Concentration of Formic acid:                    95% (% by mass, wt/wt)

## Step 1: Calculate the volume of 100 grams of formic acid.

Formula:
Density =  weight / volume    or

Volume =  weight / density

Volume of 100 gram of formic acid: 100/1.22 = 81.967 ml

Note: 95% (w/w) Formic acid means that 100 grams of solution contains 95 grams of HCOOH.

The volume of 100 grams of formic acid is 81.967 ml. That means 95 grams of HCOOH is present in 81.967 ml of  formic acid.

## Step 2: Calculate how many grams of HCOOH is present in 1000 ml of Formic acid.

81.967 ml of Formic acid contains        =     95 grams of HCOOH
1 ml of Formic acid will contain           =     95/81.967 grams of HCOOH

1000 ml of Formic acid will contain    =     1000 x 95/81.967 =     1159.003 grams of HCOOH

1000 ml of formic acid will contain 1159.003 grams of HCOOH.

## Step 3: Calculate the number of moles of HCOOH present in 1159.003 grams of HCOOH.

46.03 grams of HCOOH is equal to 1 mole.
1 gram of HCOOH will be equal to 1/46.03 moles.

444.01776 grams will be equal to = 1159.003 x 1/46.03 = 25.179 moles

Therefore, we can say that 1 litre of formic acid contains 25.179 moles of HCOOH or in other words molarity of 95% (w/w) Formic acid is equal to 25.179 M.

# Overview:

• Hydrochloric acid is a clear colourless aqueous solution of hydrogen chloride (HCl) that can be supplied as a 37% (w/w) hydrogen chloride solution (see suppliers).
• 37% (w/w) hydrochloric acid means that 100 grams of hydrochloric acid contains 37 grams of hydrogen chloride.
• The density of 37% (w/w) hydrochloric acid is 1.2 g/ml at 25°C that means that weight of the 1 ml of hydrochloric acid is 1.2 gram at 25°C.
• Molarity refers to number of moles of the solute present in 1 litre of solution.
• In simple words, 1 mole is equal to atomic weight of the substance. For example, 1 mole of hydrogen chloride is equal to 36.46 grams of hydrogen chloride (molecular weight = 36.46).

# Calculation procedure:

Known values:
Density of Hydrochloric acid :                                1.2 g/ml
Molecular weight of Hydrogen chloride:             36.46 g/mole

Concentration of Hydrochloric acid:                     37% (% by mass, wt/wt)

## Step 1: Calculate the volume of 100 grams of Hydrochloric acid.

Formula:
Density =  weight / volume    or

Volume =  weight / density

Volume of 100 gram of Hydrochloric acid   =   100/1.2   =   83.33 ml

Note: 37% (w/w) Hydrochloric acid means that 100 grams of Hydrochloric acid contains 37 grams of Hydrogen chloride.

The volume of 100 grams of Hydrochloric acid is 83.33 ml. That means 37 grams of Hydrogen chloride is present in 83.33 ml of Hydrochloric acid.

## Step 2: Calculate how many grams of Hydrogen chloride is present in 1000 ml of Hydrochloric acid.
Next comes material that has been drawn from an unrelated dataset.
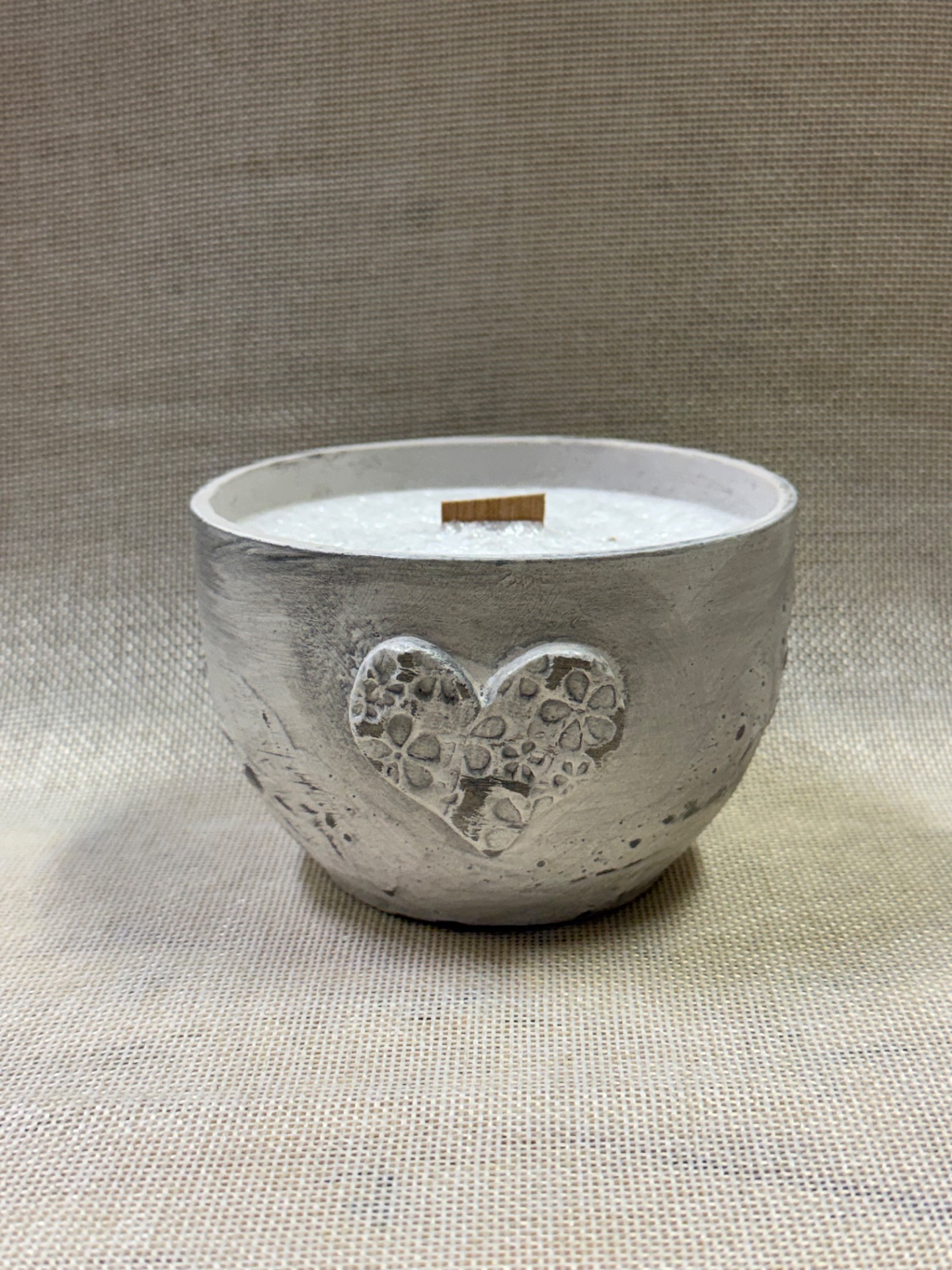 Sviečka veľká LIS srdce - bielo šedá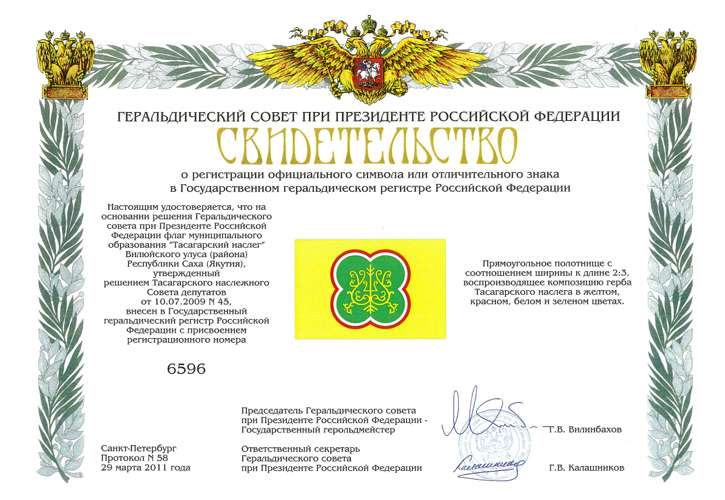Флаг Тасагарского наслега утверждён Решением Тасагарского наслежного Совета депутатов № 45 от 10 июля 2009 года. "Прямоугольное полотнище с соотношением ширины к длине 2:3, воспроизводящее композицию герба Тасагарского наслега в желтом, красном, белом и зеленом цветах". Флаг внесен в Государственный геральдический регистр РФ под № 6596. По сообщению Б.Вольфова со ссылкой на сайт правительства Якутии и В.Маркова |

83.33 ml of Hydrochloric acid contains       =  37 grams of Hydrogen chloride.
1 ml of Hydrochloric acid will contain          =  37/83.33 grams of Hydrogen chloride.

1000 ml of Hydrochloric acid will contain    =  1000 x 37/83.33   =    444.01776 grams of acetic acid

1000 ml of Hydrochloric acid will contain 444.01776 grams of Hydrogen chloride.

## Step 3: Calculate the number of moles of Hydrogen chloride present in 444.01776 grams of Hydrogen chloride.

36.46 grams of Hydrogen chloride            =     1 mole
1 gram of Hydrogen chloride                     =     1/36.46 moles

444.01776 grams of Hydrogen chloride   =     444.01776 x 1/36.46    =   12.178 moles

Therefore, we can say that 1 liter of Hydrochloric acid contains 12.178 moles or in other words molarity of 37% (w/w) Hydrochloric acid is equal to 12.178.